期間 平成28年3月26日~平成28年4月27日 (気象条件や調査の進捗状況によって変更の場合があります。)
海域 紀伊半島沖熊野灘
プレスリリース http://www.jamstec.go.jp/j/about/press_release/20160318_2/

 

掘削を行うには、「ちきゅう」は海に対して静止状態である必要があります。一方で、「ちきゅう」が掘削を行う地点は、3月18日号「潮岬沖の黒潮急加速」で解説したように、黒潮の流れが強い場所です。図1はその解説の図1の流速図に、「ちきゅう」の掘削予定地点を重ねた図です。強い黒潮は「ちきゅう」が位置を保つのを難しくします(※1)。

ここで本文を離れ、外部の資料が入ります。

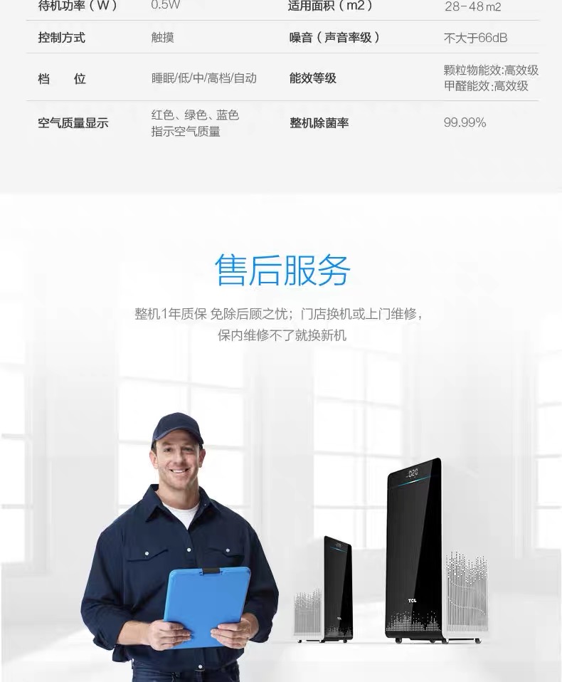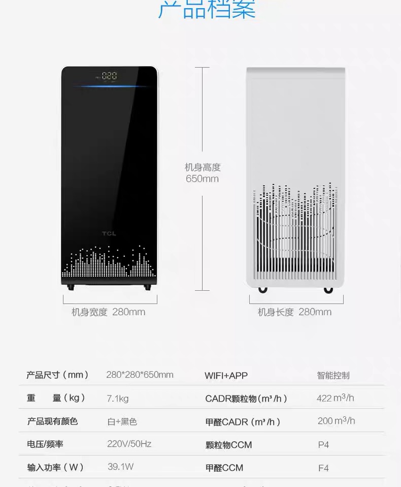 TCL420智能空气净化器家用除甲醛异味灰尘花粉棋牌室除烟吸二手烟

そこで、わたしたちJCOPEグループは「ちきゅう」のために、海流予測情報を提供します。「黒潮親潮ウォッチ」でも、通常の更新に加えて、掘削期間中は「ちきゅう」のための海流予測の解説を随時行う予定です。今回の予測のために、新しい予測手法も準備しており、それについても解説する予定です。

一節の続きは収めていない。